DESCRIPTION OF THE TASK:
Nothing but the pictures should be dropped; repeat the rest of the data below exactly.

INFORMATION SHOWN:
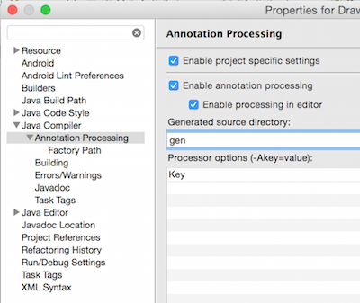 在Mac电脑上建议将自动生成的代码目录建议改为 gen,以避免 Eclipse 找不到代码目录(以点号开头的目录自动隐藏)。查看 Java Compiler \ Annontation Process \ Factory Path ,点击 Add JARs,把 androidannotations-X.Y.Z.jar 加进来。
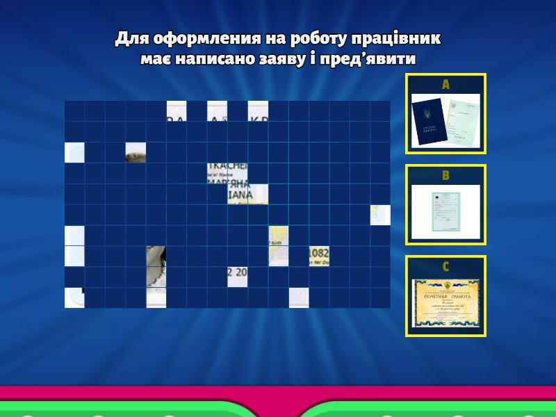 1) Для оформления на роботу працівник має написано заяву і пред'явити a) b) c) 2) Який ще документ потрібний для влаштування на роботу a) b) c) d) 3) Особи, з якого віку не допускаються на роботу, пов'язану із безпекою руху поїздів, . a) b) c) d) 4) Для робіт на підприємствах з шкідливими умовами праці під час прийняття на роботу мають пройти a) b) c) d) 5) Також при прийнятті на роботу потрібно буде писати a) b) c) d) 6) Після прийняття на роботу для особи виписується a) b) c) d) 7) Під час оформлення на роботу службовців їх ознайомлюють з a) b) c) d) 8) Працівник має право за своєю иніціативою припинити трудовых договоров, передивши власника письмово за .... тижніи a) b) c) d) 9) Неприпустимим є звільнення працівника в період його закінчення відпустки або a) b) c) d) 10) У день звільнення з роботи обов'язково провести розрахунок з працівником і a) b) c) d) 11) документ, у якому висвітлюються професійні претенденти на конкретну посаду a) b) c) d) 12) документ, у якому висвітлюються певнв етапи життя людини a) b) c) d)
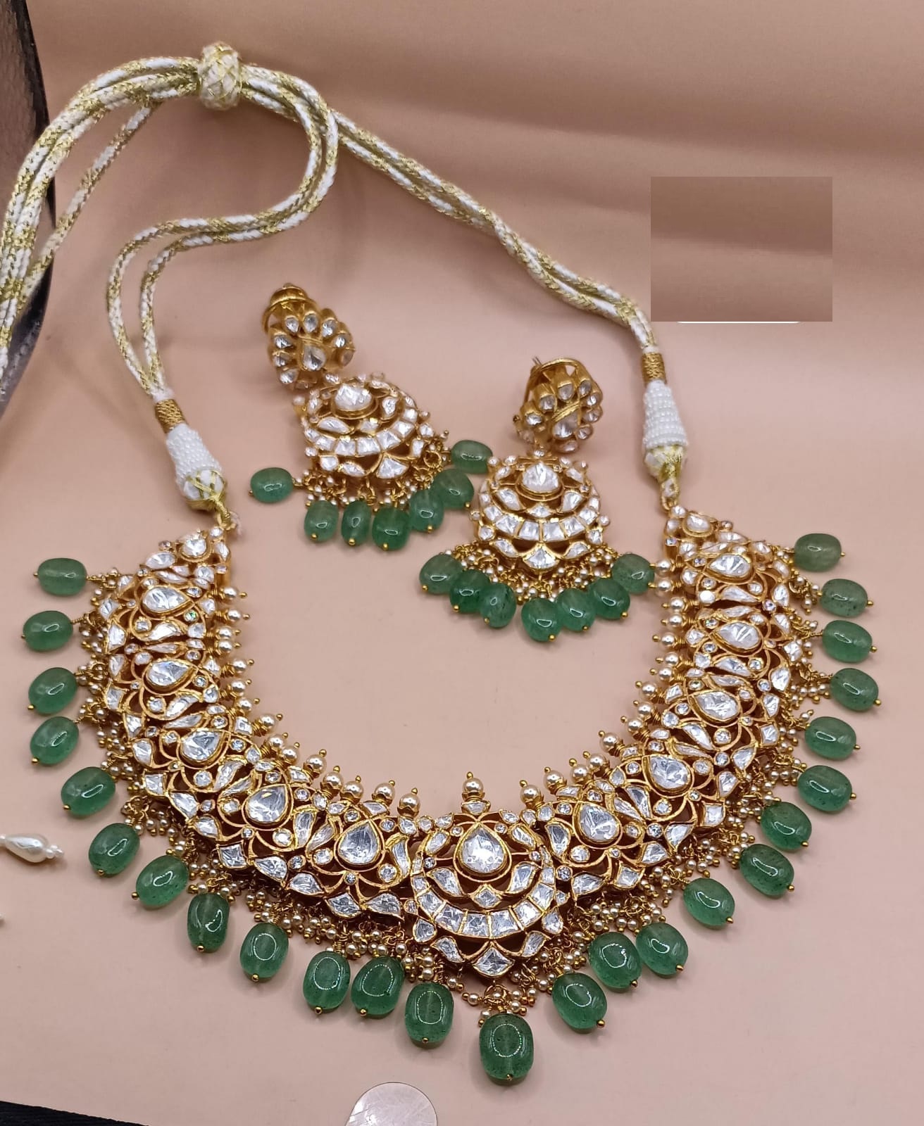 Note- For Mala please drop us a message or what’s app us if you want in pearl or in beads. It will be customized as per your choice at an additional cost depending on the choice of beads and pearls that you select Design can be customized for earrings and even in necklace ( please drop a message on 91-9549901009 for any customization)
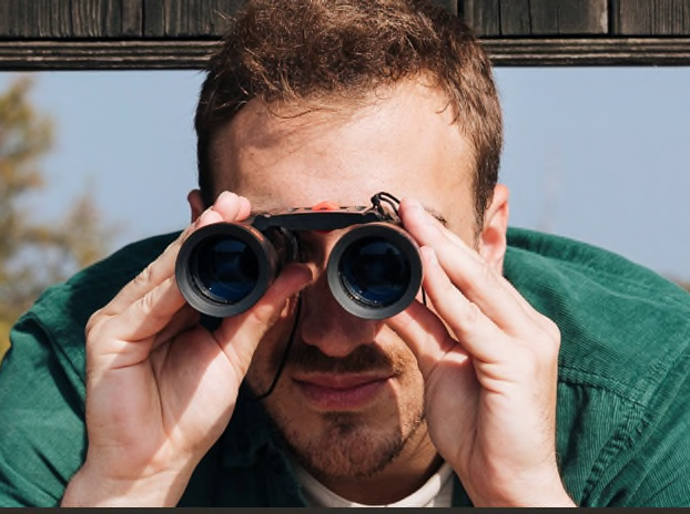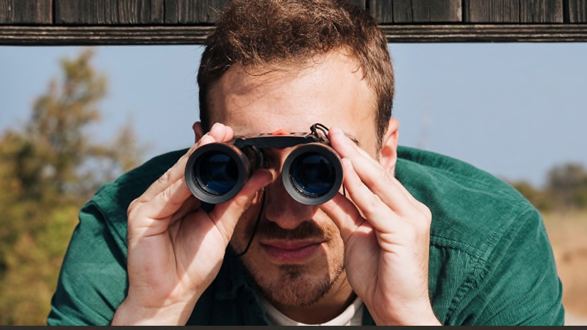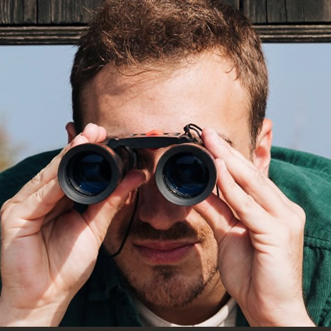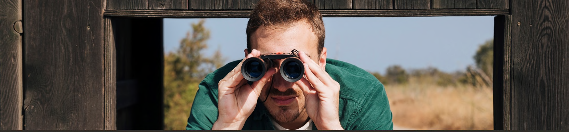 Un homme observe à travers des jumelles depuis un abri en bois, sur un paysage naturel en arrière-plan, illustrant la recherche ou l’anticipation.

RESULT OF THIS EXERCISE:
 在Mac电脑上建议将自动生成的代码目录建议改为 gen,以避免 Eclipse 找不到代码目录(以点号开头的目录自动隐藏)。查看 Java Compiler \ Annontation Process \ Factory Path ,点击 Add JARs,把 androidannotations-X.Y.Z.jar 加进来。
 1) Для оформления на роботу працівник має написано заяву і пред'явити a) b) c) 2) Який ще документ потрібний для влаштування на роботу a) b) c) d) 3) Особи, з якого віку не допускаються на роботу, пов'язану із безпекою руху поїздів, . a) b) c) d) 4) Для робіт на підприємствах з шкідливими умовами праці під час прийняття на роботу мають пройти a) b) c) d) 5) Також при прийнятті на роботу потрібно буде писати a) b) c) d) 6) Після прийняття на роботу для особи виписується a) b) c) d) 7) Під час оформлення на роботу службовців їх ознайомлюють з a) b) c) d) 8) Працівник має право за своєю иніціативою припинити трудовых договоров, передивши власника письмово за .... тижніи a) b) c) d) 9) Неприпустимим є звільнення працівника в період його закінчення відпустки або a) b) c) d) 10) У день звільнення з роботи обов'язково провести розрахунок з працівником і a) b) c) d) 11) документ, у якому висвітлюються професійні претенденти на конкретну посаду a) b) c) d) 12) документ, у якому висвітлюються певнв етапи життя людини a) b) c) d)
 Note- For Mala please drop us a message or what’s app us if you want in pearl or in beads. It will be customized as per your choice at an additional cost depending on the choice of beads and pearls that you select Design can be customized for earrings and even in necklace ( please drop a message on 91-9549901009 for any customization)
 Un homme observe à travers des jumelles depuis un abri en bois, sur un paysage naturel en arrière-plan, illustrant la recherche ou l’anticipation.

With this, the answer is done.